When I was in college, someone that I wasn’t particularly attracted to pursued me romantically. I didn’t respond very maturely having not been used to be being pursued at all (I’m still not, for the record). Looking back on that as I’ve pursued a couple of women now who were not interested since, I wonder how that could be handled better. How do you go about telling someone who clearly cannot let you go, no matter how clear and honest you are with them about your feelings or lack thereof? Do you do this as soon as possible? Can you be friends afterwards? Does it completely close the door on a relationship?
I think my past experiences in this regard, as well as having a group of friends deliver a letter telling me to get lost, have shaped me in a strange, but not poor fashion. I am now of the opinion that stating the truth as clearly, but gently, as possible as soon as is convenient is best. For one, the other has less time to get even more attached and end up being hurt more deeply.

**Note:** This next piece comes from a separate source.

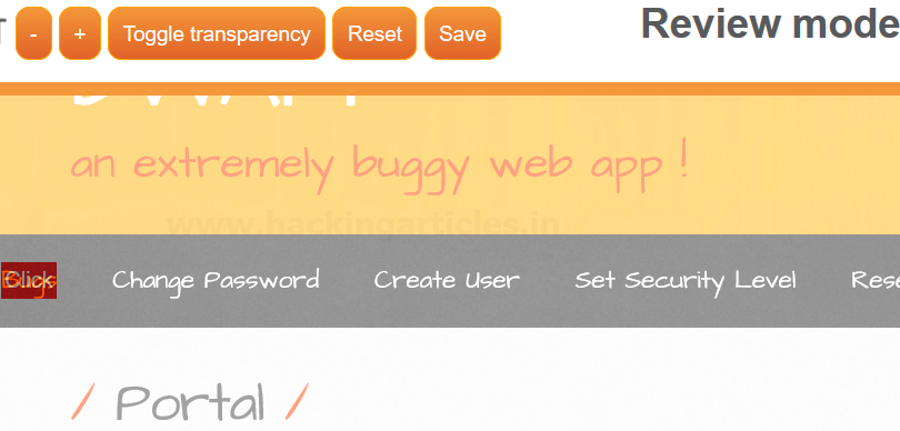 When you have finished recording your clickjacking attack, Burp Clickbandit enters into review mode. This lets you review the generated attack, with the attack user interface over the original page UI. You can click the buttons on the attack UI to verify that the attack works.

Second, the other can start a healing process all the sooner and there may be a worthwhile friendship between the two at the end of that process with little damage done to the trust between them. Rather, having been honest, that trust has fertile ground to grow and in and find strength (no guarantee it will).
Lastly, it saves the one delivering the bad news from having to agonize over how to handle the situation any longer than necessary. That’s assuming they’d agonize at all, but even if they are just annoyed, it’ll go a long way to ending that annoyance sooner rather than later.
I don’t know why this popped into my head today. Maybe I watched The Bachelor one too many times this season. Maybe I picked up on something today or this last week that I didn’t really notice. Still, I think I’d do better at this today than a few years ago and probably have a bit more to learn.